HDP Certified Professional (HDPCA), or the Hortonworks Data Platform Certified Administrator, is a Hadoop System Administrator who is capable and responsible for installing, configuring, and supporting an HDP Cluster. This is a hands-on performance-based exam which requires some competency and Big Data expertise. Tasks are advocated on AWS instances which must be completed by the candidate within a limited time frame.
HDPCA Exam Overview
There are 5 main categories of the objectives of HDPCA certification:
- Installation: Administrators must be able to install and deploy an HDP Cluster, with or without Internet Access. The installation procedures involve configuring the machine and tweaking a few operating system resources to serve as effective nodes of a cluster.
- Configuration: Proper configuration of HDP Services is must for delivering accurate and precise results. Errors causing a downtime of the systems, controlling user access, current process runtime information and other relevant information can be found only when the cluster is configured as per the business requirements.
- Troubleshooting: What to do when an unforeseen exception arises in daily processing schedules? This section entails how to perform root cause analysis and get to the source of error. Reading the logs, setting different logging levels etc fall under this category.
- High Availability: When systems are set up in a manner to serve business requirements 24 x 7 x 365, it will be prudent to assume that a system will run for that long without any downtime. In such cases, core Hadoop services can be made Highly Available, i.e. accessible to the client at all times to ensure data access is never disrupted. Administrators are responsible for creating such an automatic failover setup on the deployed cluster.

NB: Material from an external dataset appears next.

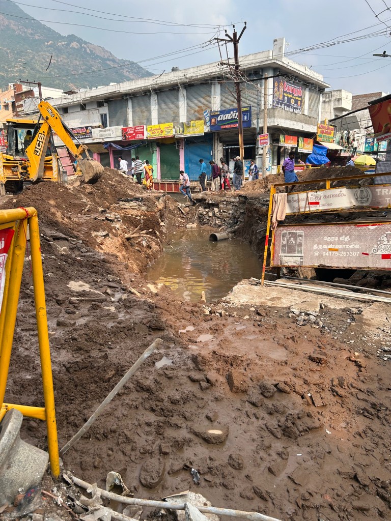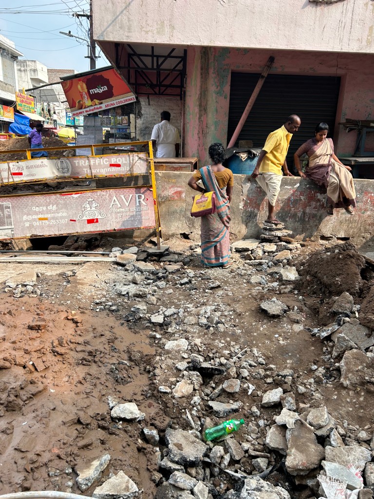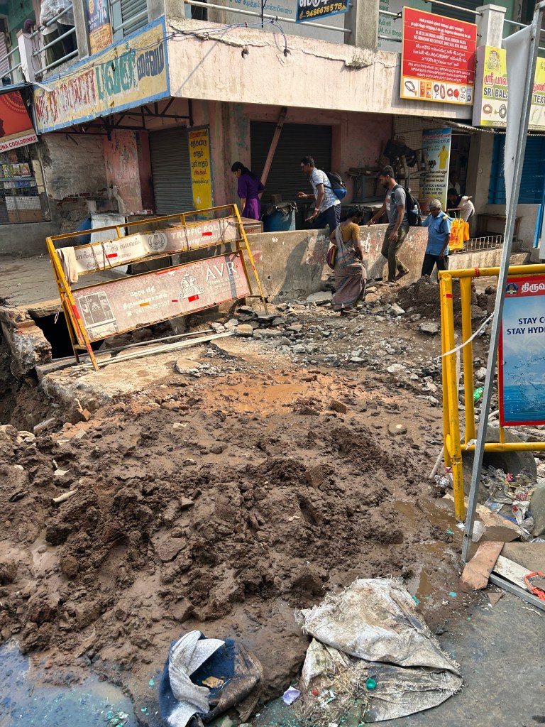 בסוף ההקפה יש קטע של בערך קילומטר שהוא מאוד לא נעים, הוא בתוך העיר, בחלקים הקשים שלה, לאורך תחנת האוטובוס, השוק, המקדש הגדול. הרבה פעמים אני מוותרת על החלק הזה. עולה על ריקשה. היום עשיתי את אותו המלסול כמו בכל הימים בשלושה שבועות האחרונים, רק שהיום איפה שעמדו הריקשות היה בור גדול מלא בבוץ ומים מזוהמים וטרקטור ענק שעשה משהו בנידון. מהצד השני של הבור ראיתי את הריקשות.

- Security: Security is the need of the hour for organizations across the globe. The data generated or stored on the Hadoop FileSystem needs to be secure from all attacks. Data loss in today’s world has become a big challenge and administrators need to ensure that there is no loophole in securing the data on their cluster.

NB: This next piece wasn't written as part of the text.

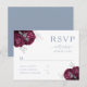 Postal RSVP de la Dusty Boda Azul Floral Borgoña Personalizada

The first step towards HDPCA exam preparation is to understand the Hadoop terminology. Here are the top 20 Hadoop terms that will help you to become Hadoop certified.
- Aspiring candidates can give the exam at any time and location of their liking with 24/7 access. They must be in possession of a laptop, good working Internet Connection, and a webcam.
- The exam is based on Hortonworks Data Platform(HDP) 2.3 and managed using Ambari 2.1.0. A 4-node cluster based on chargeable AWS instances will need to be provisioned during the exam by the candidate. The exam duration is 2 hours.
- The cost of the examination is USD250.
To register for the exam right away, head over to the Hortonworks website and navigate to the Certifications category. Thereafter, under the Registration Section, head over to examslocal.com and create an account. Choose a date as per your convenience and schedule your HDPCA certification!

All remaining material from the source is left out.